Ses collaborateurs annoncent un discours imminent sur le dossier
syrien, mais son porte-parole Jay Carney a pris le soin d'établir une
distinction claire, quoique pas totalement convaincante, entre la Libye,
«un cas unique», et la Syrie. Déjà engagée à reculons dans l'incertaine
aventure militaire libyenne pour empêcher une «catastrophe
humanitaire», l'Amérique n'a en effet aucun «appétit» pour une approche
musclée face à la Syrie. Les difficultés rencontrées par l'Otan face aux forces de Kadhafi
ne donnent pas vraiment envie d'aller tester la solidité d'autres
dictateurs. Et l'Amérique a déjà fort affaire en Irak et en Afghanistan. La mosaïque syrienne

De
plus, si elle n'a pas de sympathie pour le régime de Bachar el-Assad,
sponsor du terrorisme et facteur de déstabilisation de la région, à
travers ses alliés du Hezbollah et son alliance de circonstance avec
l'Iran, l'Administration Obama sait qu'une déstabilisation de la
mosaïque syrienne serait un saut dans l'inconnu, peut-être pour le pire.
Les Israéliens, qui, malgré des tensions sur la question du Golan, ont
établi une sorte de modus vivendi avec el-Assad, semblent encourager la
prudence, redoutant l'avènement d'un pouvoir islamiste radical.
«Plus réaliste et pragmatique qu'idéaliste, l'Administration Obama a
tendance à redouter les changements géopolitiques», ce qui l'amène à
hésiter dans son soutien aux mouvements de révolte, note un
éditorialiste. Le nouveau président américain a en réalité été
pris à contre-pied sur le dossier syrien, où il avait amorcé un virage
par rapport à son prédécesseur, renvoyant un ambassadeur à Damas en
janvier après des années de gel des relations. S'alignant sur la
démarche française, Obama espérait qu'une reprise du dialogue avec
el-Assad permettrait de faire progresser la résolution du conflit
israélo-palestinien. Il tablait aussi sur un assouplissement des
sanctions pour amener l'homme fort de Syrie, éduqué à Londres et attaché
à sa réputation de dirigeant moderne, à la réforme. Une logique
anéantie par la révolte populaire et la réponse brutale qu'el-Assad lui a apportée.
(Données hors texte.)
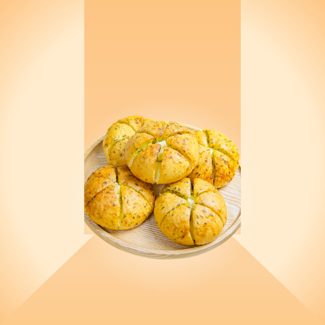 Bánh mì sốt phô mai bơ tỏi có tạo hình tròn xinh, mặt bánh được cắt rãnh đều giúp sốt thấm sâu vào từng thớ bánh. Lớp vỏ ngoài nướng vàng giòn nhẹ, bên trong bánh mềm xốp. Sốt bơ tỏi thơm đậm, hòa quyện cùng phô mai béo mặn, khi nướng chảy nhẹ vào các khe bánh, tạo nên hương vị hấp dẫn khó cưỡng.

En
adoptant des sanctions, le président américain reconnaît qu'il s'est
trompé d'approche. Mais ces mesures auront un effet limité, vu le
caractère très circonscrit des relations entre l'Amérique et la Syrie.
Et il est douteux qu'Obama cherche à faire plus. Pressentant une
dégradation de la situation, le département d'État a ordonné aux
familles des personnels de l'ambassade de quitter le pays.